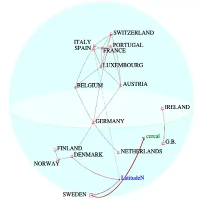 This idea also appears in Gaussian graphic models used in particular in genome mapping. But the iconography of correlations is more general in that it does not make an assumption about the Gaussian distribution, or not, of the variables, and relies only on the geometric aspect of the Correlation coefficient.
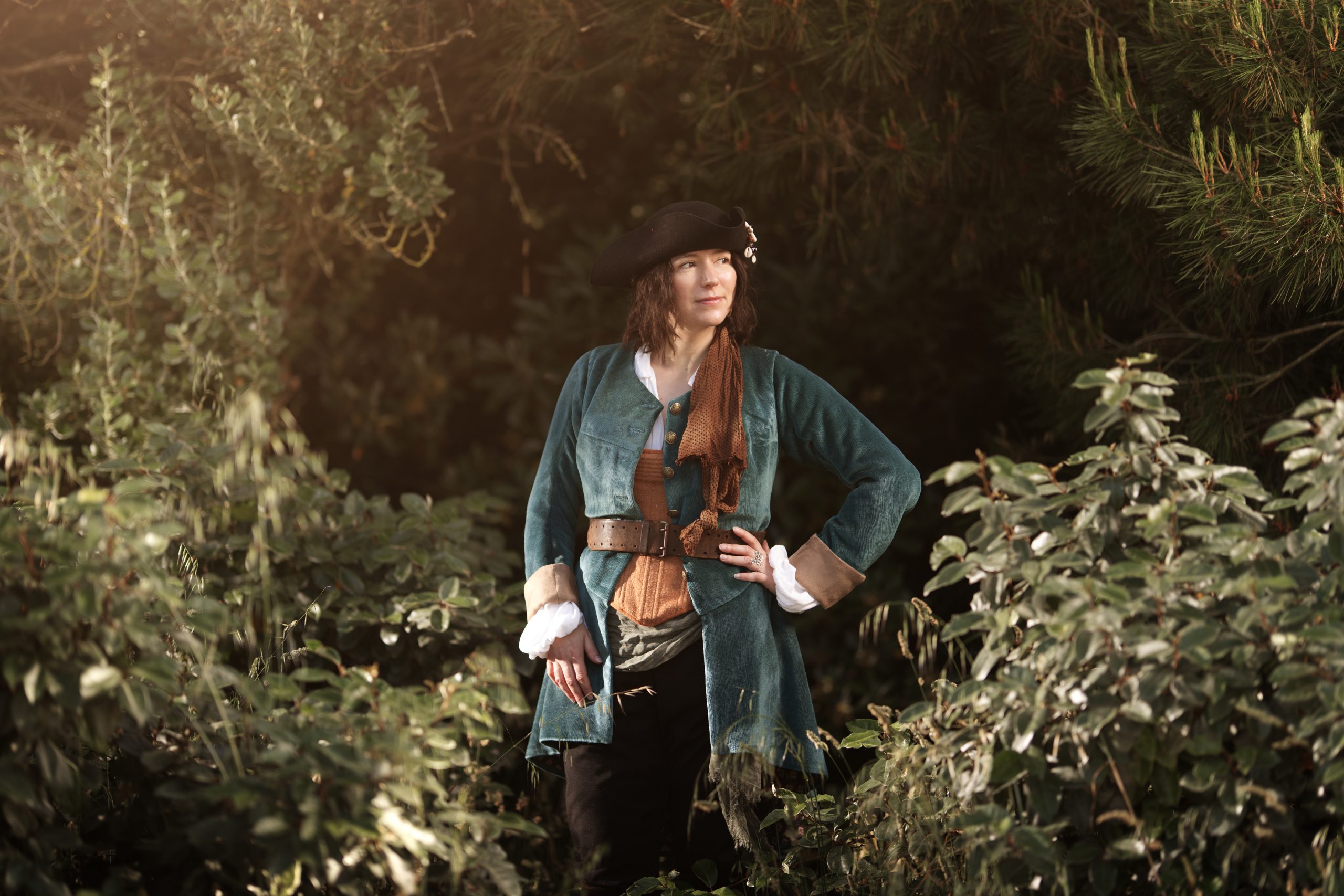 Cette tenue pirate femme mélange le meilleur des modes masculines et féminines du XVIIIe siècle : le confort du pantalon à pont, et l'esthétique de la silhouette cintrée. Le bleu canard vibrant de la veste s'associe avec l'ocre du corps baleiné pour créer une tenue simple et marquante, avec beaucoup de caractère. Le corset est légèrement baleiné et maintient la poitrine sans contraindre. La veste à larges basques accompagne les mouvements sans les entraver.
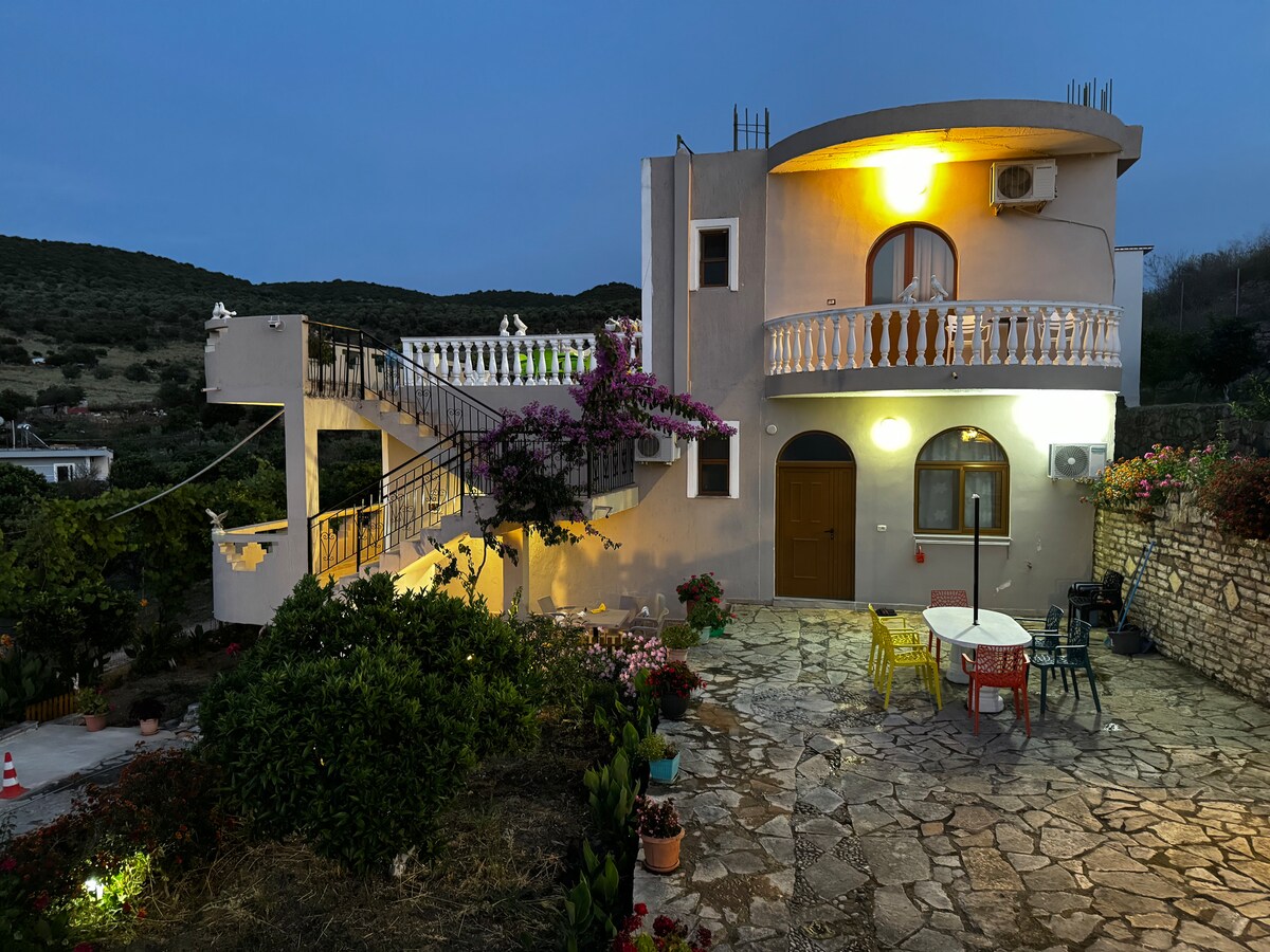 Welcome to our seaview villa in the heart of Sarande, ideal for large families, couples, or groups of friends. This spacious 5 bedroom home offers privacy, each bedroom featuring its own kitchen and bathroom for maximum comfort and independence. Rooftop terrace with uninterrupted Ionian Sea views, BBQ, and hanging chairs to relax under the stars. Located in a peaceful yet central area, the villa is just a short walk to the beach and promenade. Note There is no living room Parties not allowed
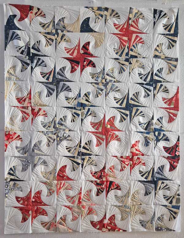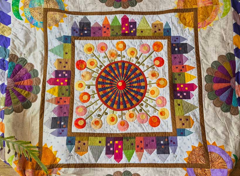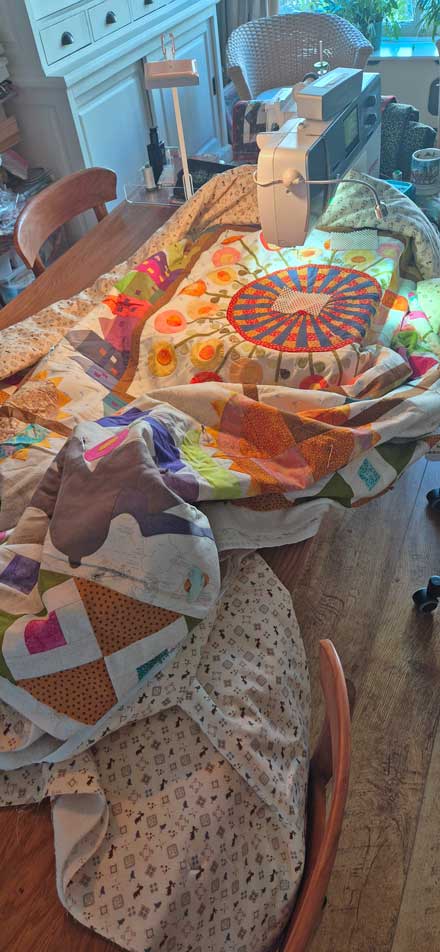 Ik heb nog een lange weg te gaan, maar de eerste steen is dus gelegd. De kop is eraf. Ik had al weer veel verder willen zijn, maar moest alles in de wacht zetten vanwege een verbouwing. Ik wilde zeker weten dat al het bouwstof uit de lucht was voor ik met die enorme lap half over tafel, deels op de vloer weer ging slepen. Eén ding is duidelijk: het doorquilten van zo’n grote sandwich is erg goed voor het opbouwen van de schouderspieren en bovenarmen. Ik kijk er naar uit om jullie volgende keer meer voortgang te kunnen laten zien.
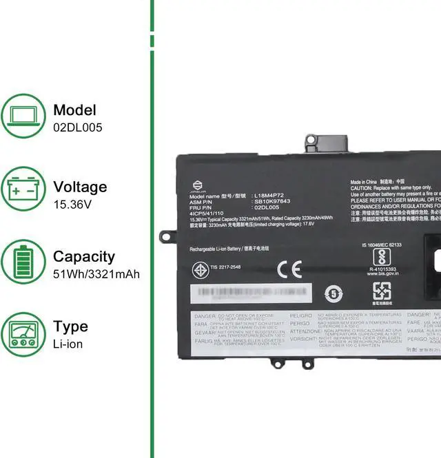• Replacement for Part Number: 02DL005 L18M4P72 SB10K97643 02DL006 L18C4P71 SB10K97644 02DL004 L18L4P71 SB10K97642 5B10W13930 5B10W13931 5B10W13932.
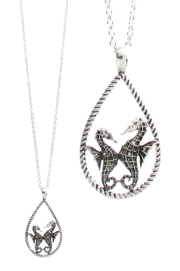 SEALIFE THEME ROPE TEXTURED TEARDROP PENDANT NECKLACE - SEAHORSE : Size- PENDANT 1 3/8 X 2 INCHES LENGTH 18 INCHES EXTEND : Color- AS
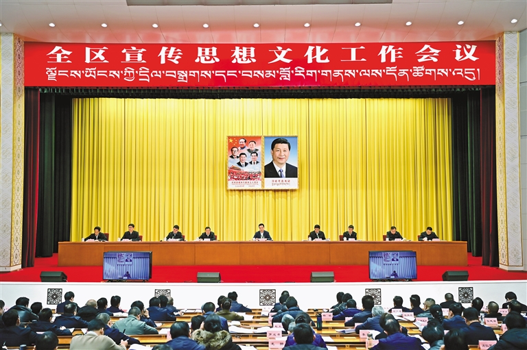 王君正指出,习近平总书记高度重视宣传思想文化工作,坚持把马克思主义基本原理同中国具体实际相结合、同中华优秀传统文化相结合,鲜明提出了一系列具有原创性、独创性、开创性的重大理论观点,深刻回答了新时代宣传思想文化建设一系列重大理论和实践问题,形成了习近平文化思想,为我们做好新时代宣传思想文化工作提供了强大思想武器和科学行动指南。近年来,全区宣传思想文化系统增强大局意识,自觉肩负起职责使命,推动理论武装走深走实、主流思想舆论巩固壮大、民族团结教育不断深化、精神文明建设成效显著、文化事业和文化产业加快发展、意识形态领域总体平稳,为西藏长治久安和高质量发展营造了良好的社会环境。
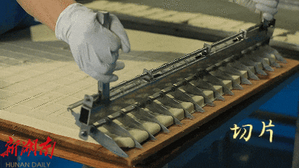 第五步:压榨与切分,将凝固好的豆腐脑填入膜具中, 进行浇注、包布, 经过一端时间的压榨后, 取出干燥豆腐干,进行冷却, 待其冷却完毕,再进行切分与摆块。
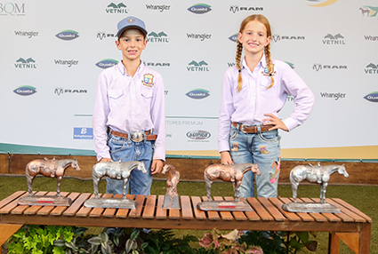 A seguir, os irmãos Morelato Borghette: Maria Antônia, com 8 anos, e José Roberto, de 7 anos, moradores em Marília (SP), e alunos da Escola do Cavalo, em Pompeia (SP), também participantes das Seis Balizas, ambos com cavalos castrados. Ela foi 3ª colocada, tanto na Principiante (Mirim) quanto na Jovem A, além de ser 2º lugar nos Cinco Tambores na Jovem Principiante (13 anos ou menos) e na categoria animal Castrado, todas colocações montando Borys Dandy Dash (ZD King Dash x Ladd Dandy San LG, por Flit Dandy Doc). Já José Roberto foi 4º lugar correndo Seis Balizas na Jovem Principiante (Mirim) e nos Cinco Tambores na Jovem Principiante (13 anos ou menos), com Cassino Jac DD (Nice Jack x Crazy Dee Dr, por Poco Man Best), também com 19 anos de idade.

→ **TASK STATEMENT**
Only the lines from the beginning of the records through the line bearing "Cette tenue pirate" belong in the answer, copied word for word with pictures left out.

→ **YOUR RESPONSE**
 This idea also appears in Gaussian graphic models used in particular in genome mapping. But the iconography of correlations is more general in that it does not make an assumption about the Gaussian distribution, or not, of the variables, and relies only on the geometric aspect of the Correlation coefficient.
 Cette tenue pirate femme mélange le meilleur des modes masculines et féminines du XVIIIe siècle : le confort du pantalon à pont, et l'esthétique de la silhouette cintrée. Le bleu canard vibrant de la veste s'associe avec l'ocre du corps baleiné pour créer une tenue simple et marquante, avec beaucoup de caractère. Le corset est légèrement baleiné et maintient la poitrine sans contraindre. La veste à larges basques accompagne les mouvements sans les entraver.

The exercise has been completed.